“pussy-grabbing,” personal snapshots (pt. 2)

In high school, we called them “club-parties.” I think now I’d call them raves — old warehouses in empty parts of downtown taken over for the night by DJs playing electronic dance music, hundreds of teenagers from every high school in Denver, black lights, neon. A bit of molly and a lot of coke. Gatorade bottles or flasks filled with liquor and stuffed in your bra or stashed behind a dumpster outside.

I don’t remember half the shit my friends told their parents to be there. “We’re staying over at the house that so-and-so babysits at because the kids’ parents will be out late,” “I’m staying at Afton’s tonight, but her mom is out of town,” etc. etc. etc. I think I probably actually told my mom about the parties but emphasized the security and downplayed everything else (not that that honesty carried over in all areas — I definitely lied to vouch for friends to their parents.)

Something about these nights was beautiful — they were the only times I remember seeing kids from high schools in every part of the city come together (especially notable was the mixing of public and private schools, which is so rare in Denver). The parties were planned by “representatives,” essentially, from each high school who worked together to organize and then market the events within their individual schools.

A lot was not beautiful.
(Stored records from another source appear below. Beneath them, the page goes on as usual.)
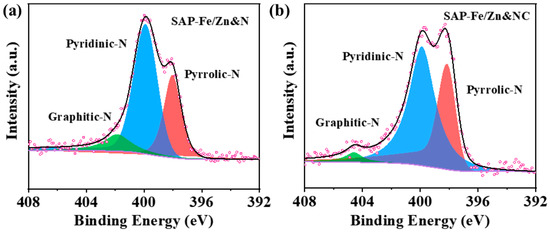 (a) XPS fine spectrum of N element in SAP-Fe/Zn&N sample; (b) XPS fine spectrum of N element in SAP-Fe/Zn&NC.
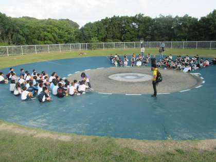 4年みさきの家2日目、朝の集いは、第1営火場で、明親小学校と合同で行いました。
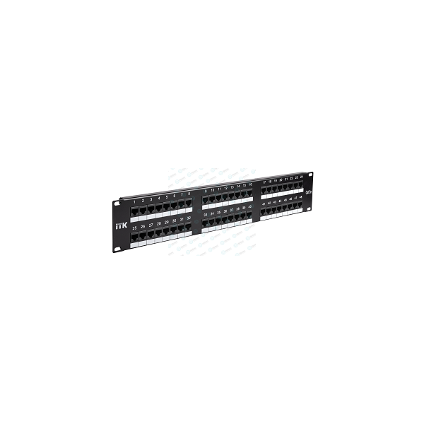 Патч-панель 2U, 19'', 48xRJ45, UTP, кат.5e, Dual, слайд лейбл, черная, ITK PP48-2UC5EU-D05L
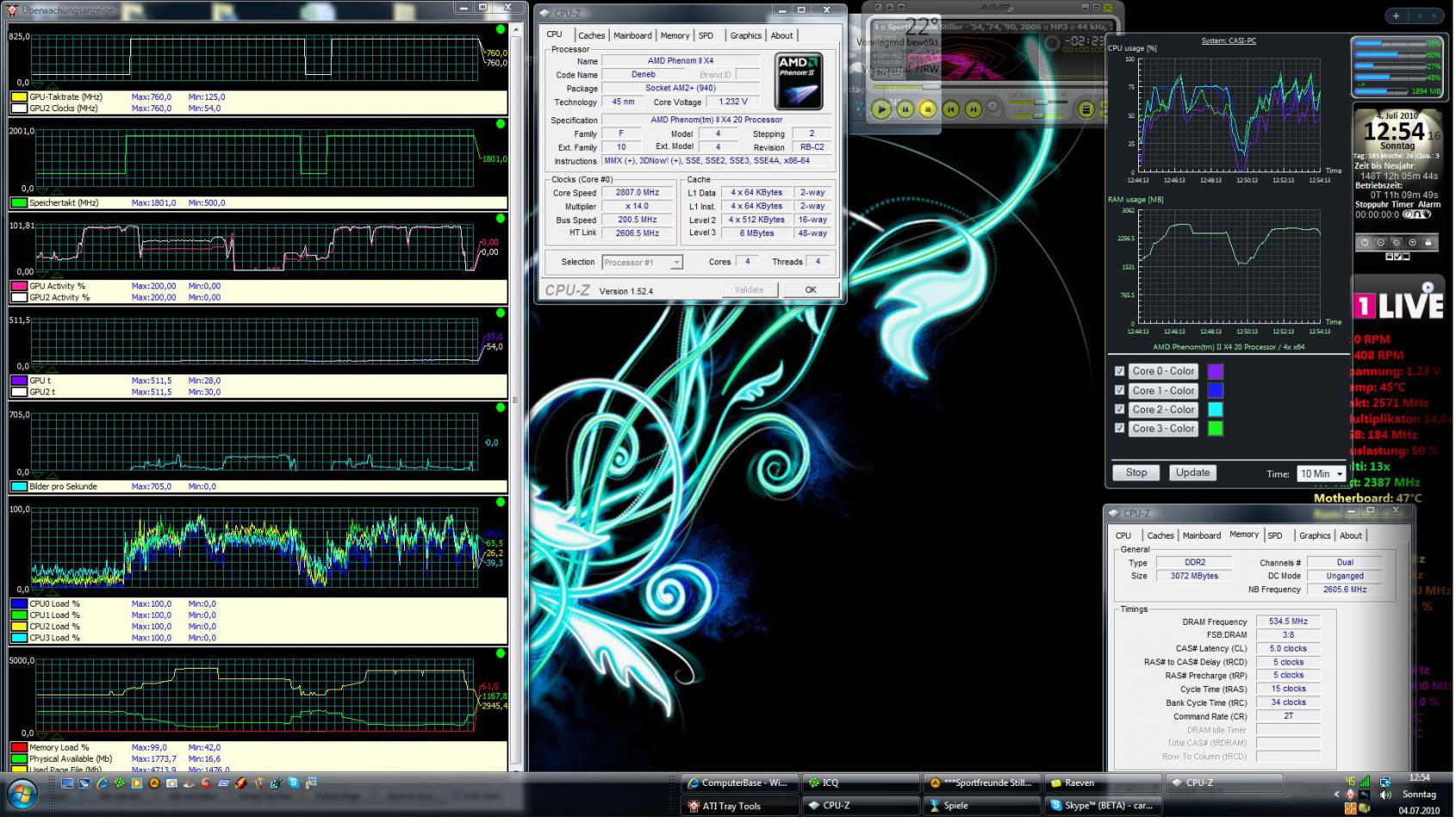 CPU: QuadCore AMD Phenom X4 Black Edition 9950, 2600 MHz (13 x 200)

With all-male DJs and all-male (and mostly useless) security outside, the spaces felt male-governed before you even entered. I remember one warehouse specifically that had metal walkways above the dance floors in the two big rooms like balconies. I heard the teenage boys calling things out over the music that shook the room before I saw them gawking from above. At one point, I went up to the walkway in the air to look for friends who had disappeared and the hands and comments made me feel like I was being strangled by the pathway itself.

On the dance floor, the number of people seemed to be every boy’s unspoken excuse for touching every part of you as you walked by.
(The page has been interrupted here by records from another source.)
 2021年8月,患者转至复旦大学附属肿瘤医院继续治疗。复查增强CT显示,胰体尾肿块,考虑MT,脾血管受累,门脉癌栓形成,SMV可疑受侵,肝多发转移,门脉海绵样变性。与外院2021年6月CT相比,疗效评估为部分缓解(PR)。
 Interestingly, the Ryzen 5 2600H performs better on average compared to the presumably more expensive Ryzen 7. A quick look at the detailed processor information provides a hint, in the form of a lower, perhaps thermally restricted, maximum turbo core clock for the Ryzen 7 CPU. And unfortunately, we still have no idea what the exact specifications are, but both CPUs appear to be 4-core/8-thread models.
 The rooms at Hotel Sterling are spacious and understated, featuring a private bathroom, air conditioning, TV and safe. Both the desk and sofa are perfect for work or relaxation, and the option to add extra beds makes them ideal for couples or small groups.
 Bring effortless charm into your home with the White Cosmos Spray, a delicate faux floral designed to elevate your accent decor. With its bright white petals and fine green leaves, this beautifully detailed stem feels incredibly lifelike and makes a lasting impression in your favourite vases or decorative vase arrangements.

At a different warehouse, on a different night, I found my waist clutched tightly from behind by someone who made no introduction except by the smell of his fruity 5 Gum by the side of my face and then in my mouth. He kept sliding his fingers under the waistband of my jean shorts, and I kept moving them back to my hips — with no idea that I had any other option.
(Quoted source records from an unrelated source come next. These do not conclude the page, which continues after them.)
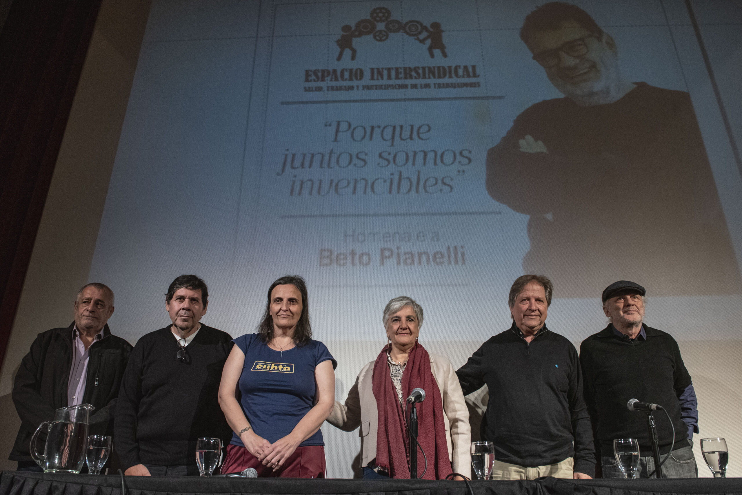 Luego de que las y los titulares sindicales disertaran, las y los presentes votaron por unanimidad denominar al Espacio Intersindical Roberto “Beto” Pianelli.
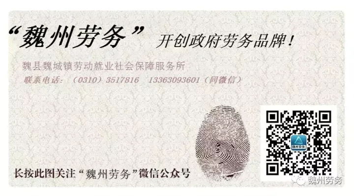 长按下面二维码,关注公众号“魏州劳务”获取更多劳务信息
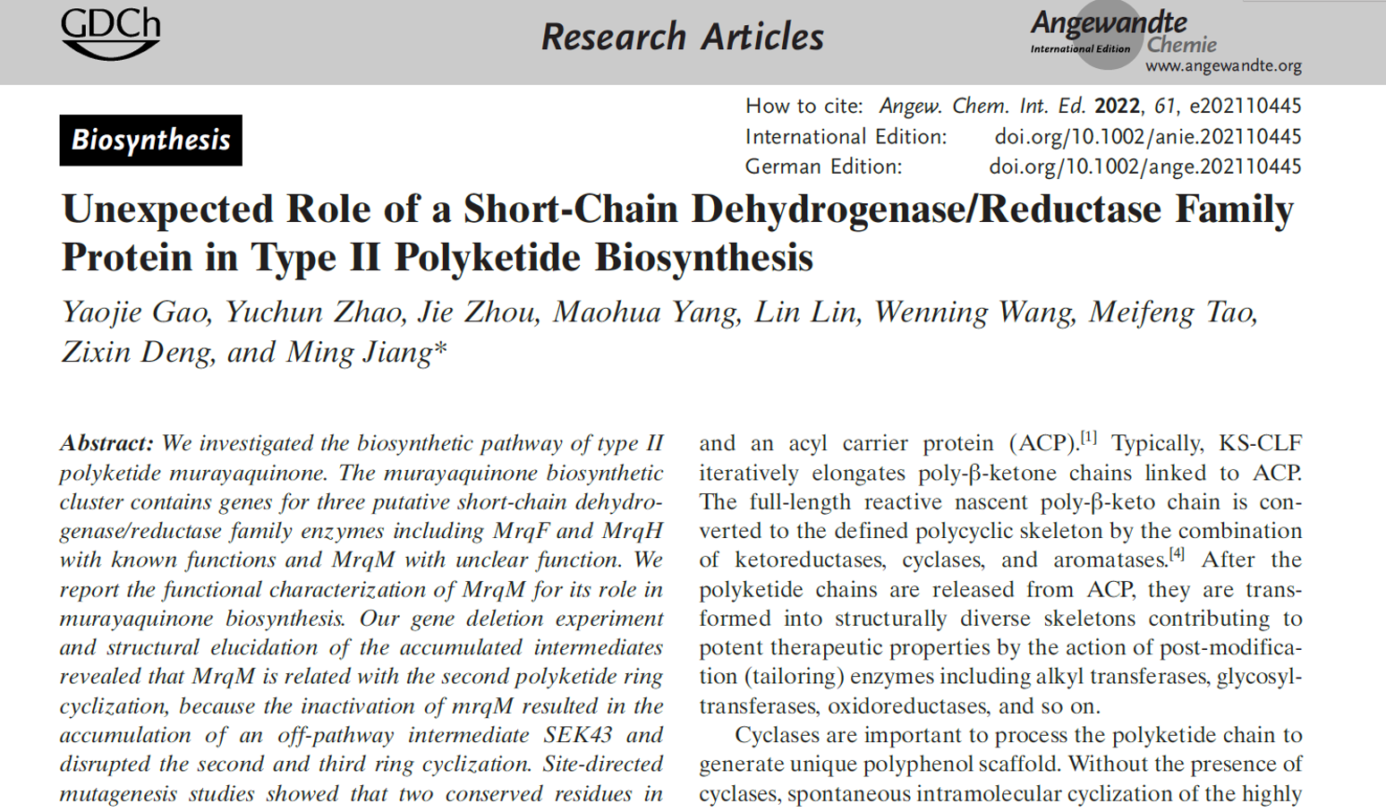 Unexpected Role of a short-chain dehydrogenase/reductase family protein in type II polyketide biosynthesis. Gao Y, Zhao Y, Zhou J, Yang M, Lin L, Wang W, Tao M, Deng Z, Jiang M, Angew Chem Int Ed Engl. 2022, 61(7): e202110445.

Even though I didn’t want what was happening, I thought the fact that he wanted me probably meant I was doing something right.

I resorted to looking down at the ground to try to keep his tongue out of my mouth and continuing to move my hips to keep from being labeled a prude.

When I finally did look up, I saw my friend through the crowd in front of me with a boy’s hands up her skirt fingering her. She was shaking her hips like me, terrified of rejecting the advances of a man (particularly surrounded by so many others ready to latch on in this space of unchecked male entitlement) but she was also looking at me, mouthing HELP.